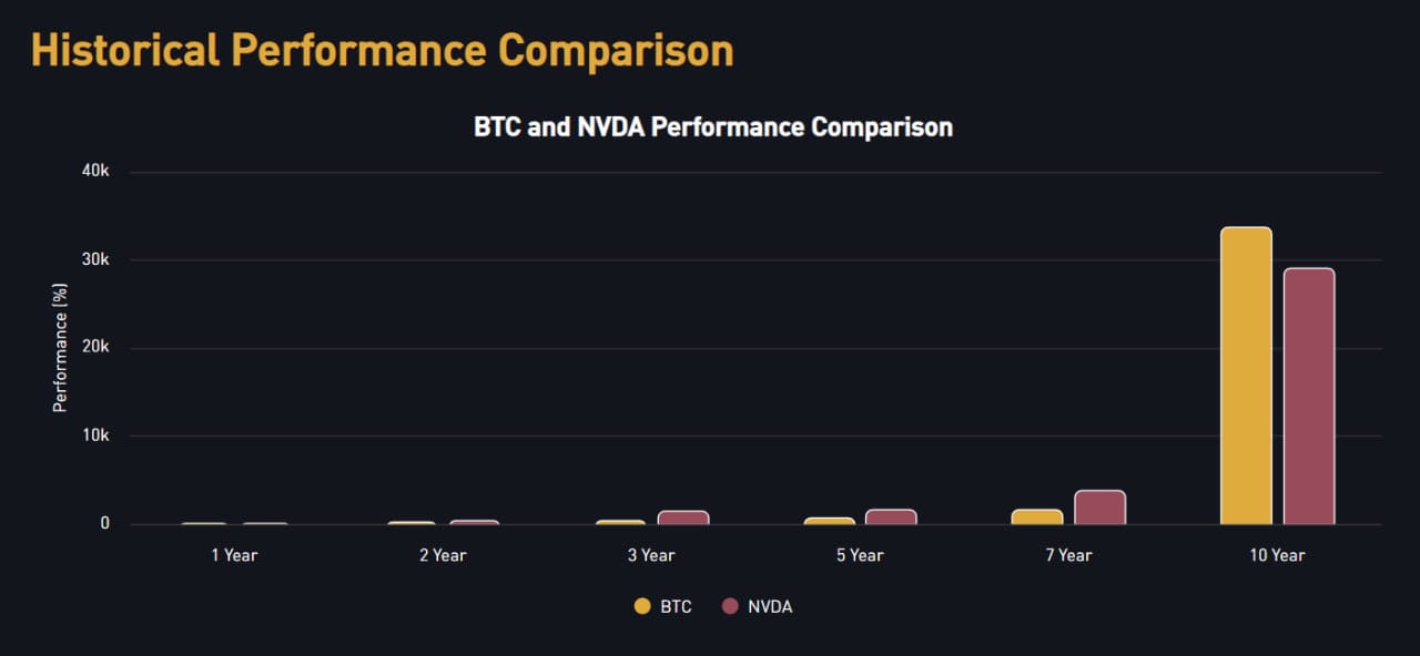 NVIDIA beats Bitcoin on every timeframe under a decade. But zoom out? Bitcoin destroys everything. The catch? You have to survive the boring parts to capture the violent upside.
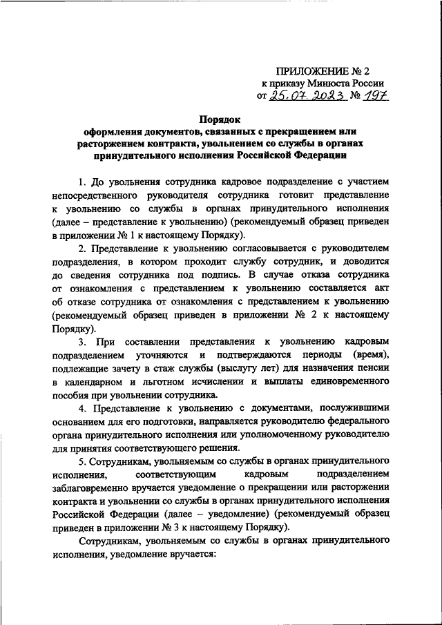 ПРИКАЗ Минюста РФ от 25.07.2023 N 197
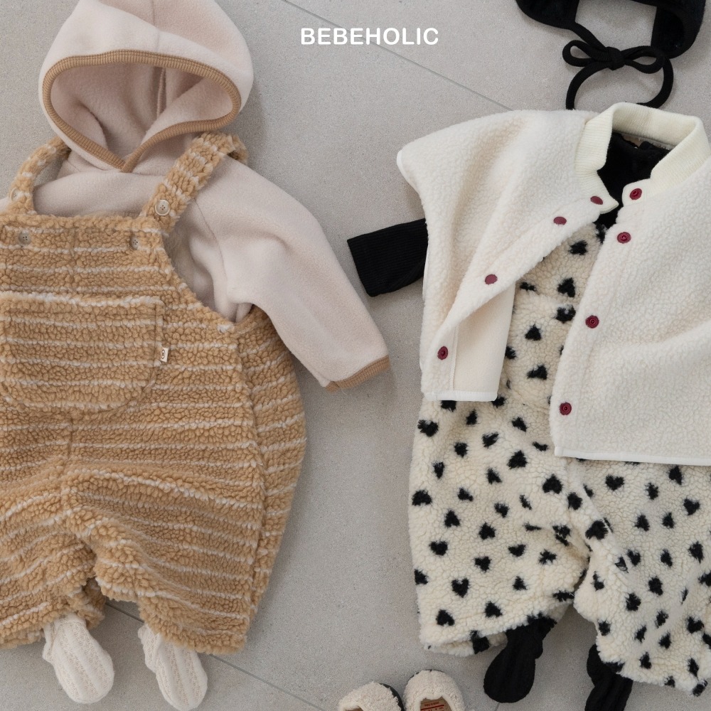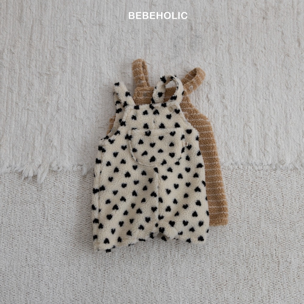 Bebe holic19|(3m-18m) 羊羔毛吊帶包屁連身褲
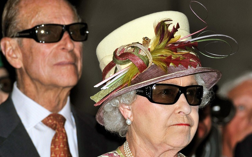 5 Ιουλίου 2010: Φορώντας τρισδιάστατα γυαλιά η Ελισάβετ και ο δούκας του Εδιμβούργου παρακολουθούν ταινία στα στούντιο Pinewood στο Τορόντο.
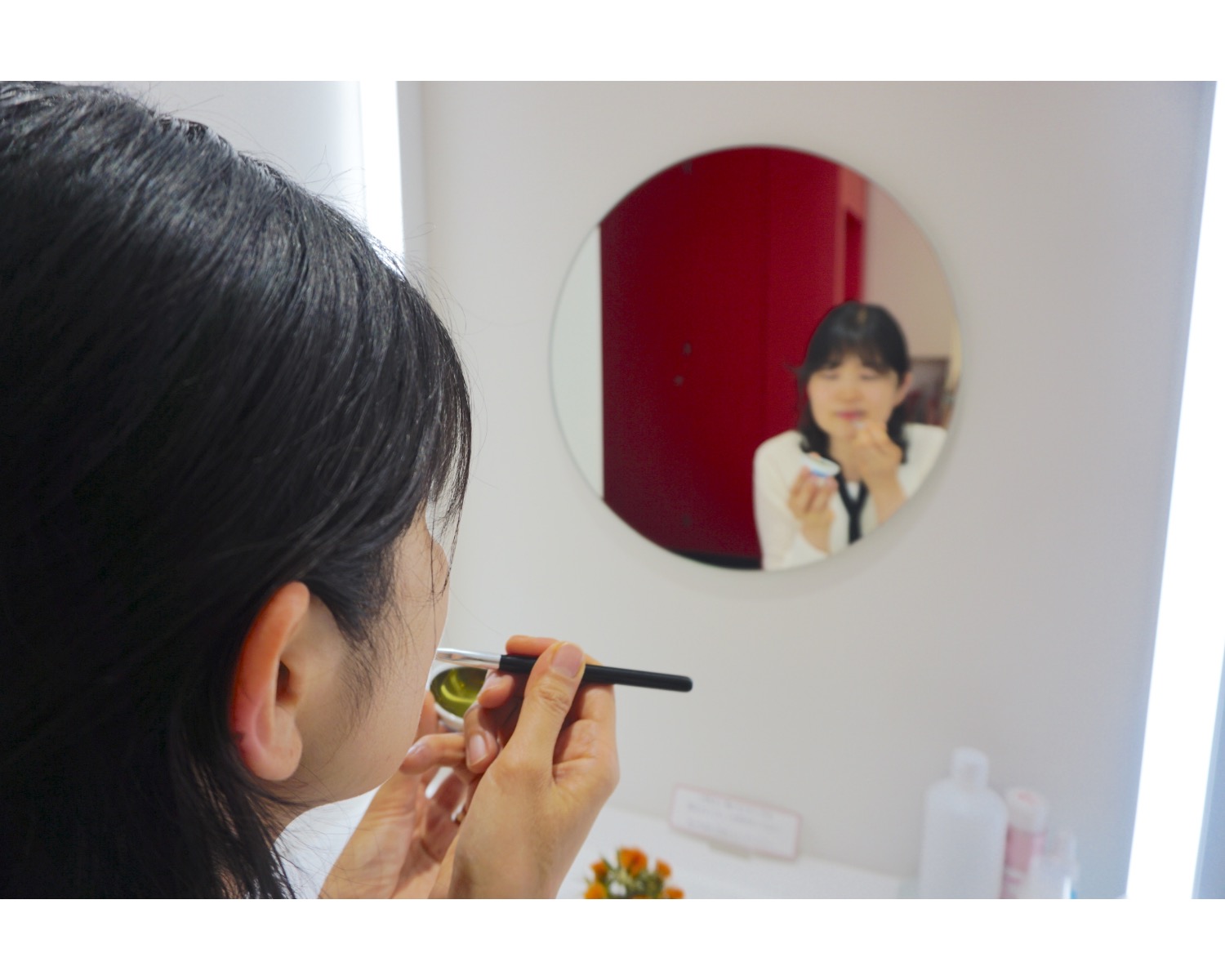 館内では無料で「紅点し(べにさし)体験をすることができます。紅は口紅のほか、アイシャドウ、チークなどさまざまな用途に使われていたのだそう。
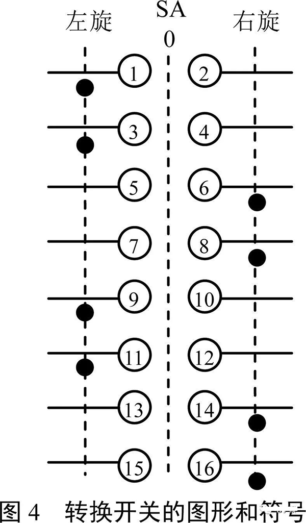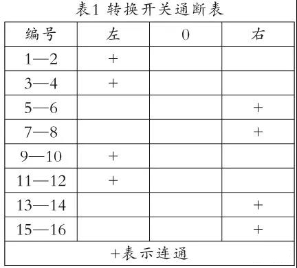 圖4是一款轉換開關的圖形和符號,表1是它在左旋和右旋兩個部位時8個開關對應的通斷情況。
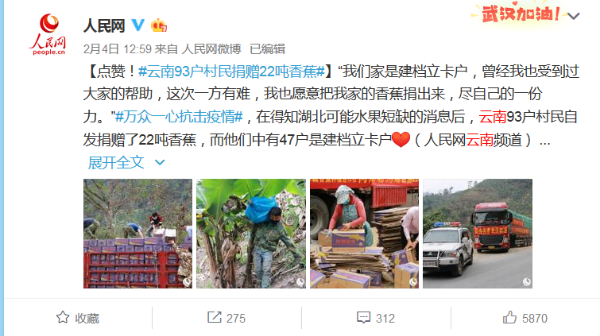 2月4日,人民网报道,云南93户村民捐赠了22吨香蕉。
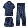 Fashion Summer Autumn 3 Piece Silk Men Pajamas Set Short Sleeve Shorts Oversize Homewear Lapel Collar Loungewear Pijamas for Man
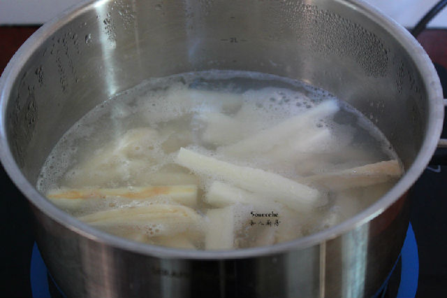 3.清水煮沸,放入放入蓮藕、山藥汆燙3分鐘,撈出瀝干水;
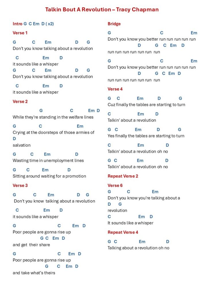 Welcome to my guitar lesson and chord sheet of Talkin Bout A Revolution by American singer-songwriter Tracy Chapman. Talkin Bout A Revolution is from Tracy CHapman’s self titled debut album released in 1988. The song has the same chords all the way through- G, C, Em and D.
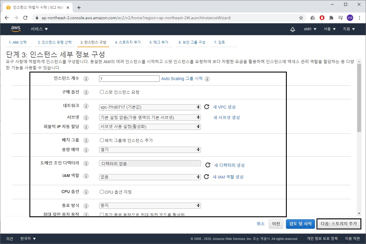 또한 생성하면서 저장공간, 네트워크 IP 주소, 보안 등을 함께 설정할 수 있습니다.
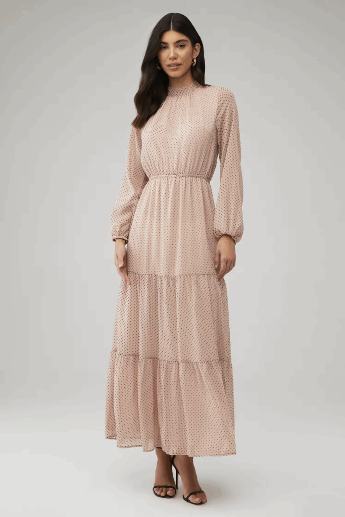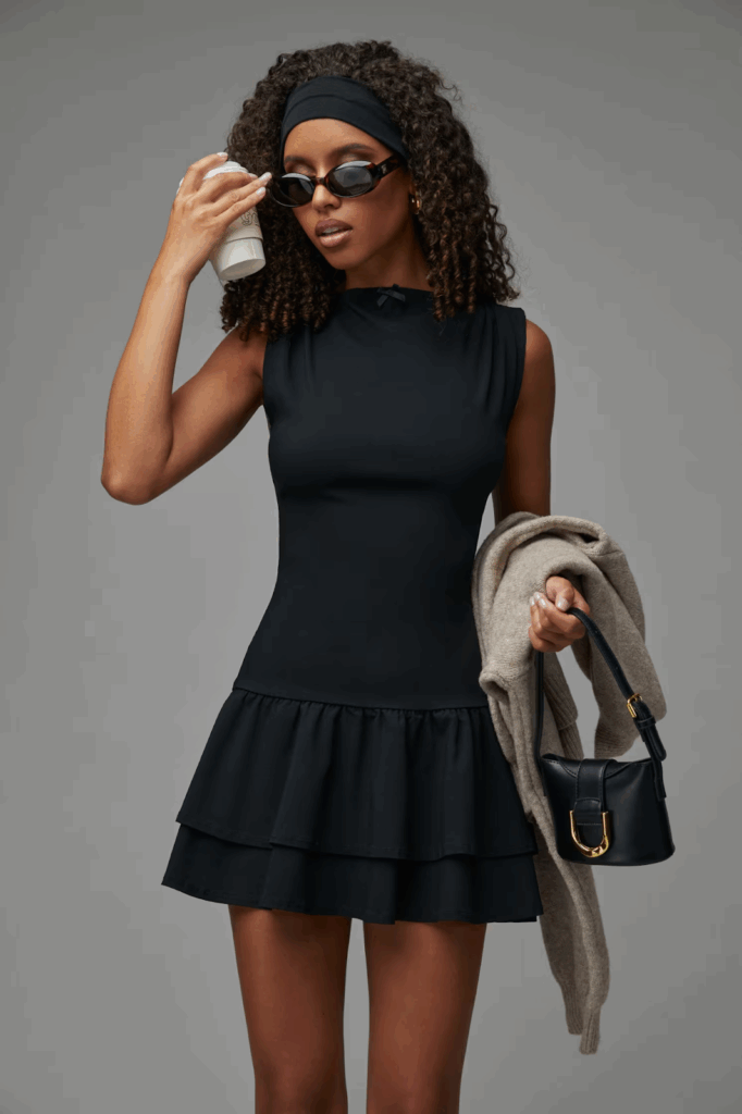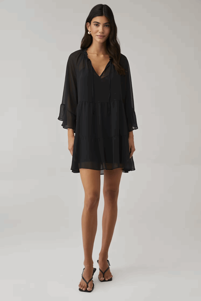 This black mini dress offers a playful silhouette with long sleeves, making it perfect for transitioning from day to night. Its chic design and comfortable fit make it an ideal option for an evening out, whether you’re hitting the town or attending a more casual gathering.

------------------------------------------------------------------------

▶ [What to produce] Output all the records, word for word, with no pictures in the copy.

▶ [Response to this exercise]
 NVIDIA beats Bitcoin on every timeframe under a decade. But zoom out? Bitcoin destroys everything. The catch? You have to survive the boring parts to capture the violent upside.
 ПРИКАЗ Минюста РФ от 25.07.2023 N 197
 Bebe holic19|(3m-18m) 羊羔毛吊帶包屁連身褲
 5 Ιουλίου 2010: Φορώντας τρισδιάστατα γυαλιά η Ελισάβετ και ο δούκας του Εδιμβούργου παρακολουθούν ταινία στα στούντιο Pinewood στο Τορόντο.
 館内では無料で「紅点し(べにさし)体験をすることができます。紅は口紅のほか、アイシャドウ、チークなどさまざまな用途に使われていたのだそう。
 圖4是一款轉換開關的圖形和符號,表1是它在左旋和右旋兩個部位時8個開關對應的通斷情況。
 2月4日,人民网报道,云南93户村民捐赠了22吨香蕉。
 Fashion Summer Autumn 3 Piece Silk Men Pajamas Set Short Sleeve Shorts Oversize Homewear Lapel Collar Loungewear Pijamas for Man
 3.清水煮沸,放入放入蓮藕、山藥汆燙3分鐘,撈出瀝干水;
 Welcome to my guitar lesson and chord sheet of Talkin Bout A Revolution by American singer-songwriter Tracy Chapman. Talkin Bout A Revolution is from Tracy CHapman’s self titled debut album released in 1988. The song has the same chords all the way through- G, C, Em and D.
 또한 생성하면서 저장공간, 네트워크 IP 주소, 보안 등을 함께 설정할 수 있습니다.
 This black mini dress offers a playful silhouette with long sleeves, making it perfect for transitioning from day to night. Its chic design and comfortable fit make it an ideal option for an evening out, whether you’re hitting the town or attending a more casual gathering.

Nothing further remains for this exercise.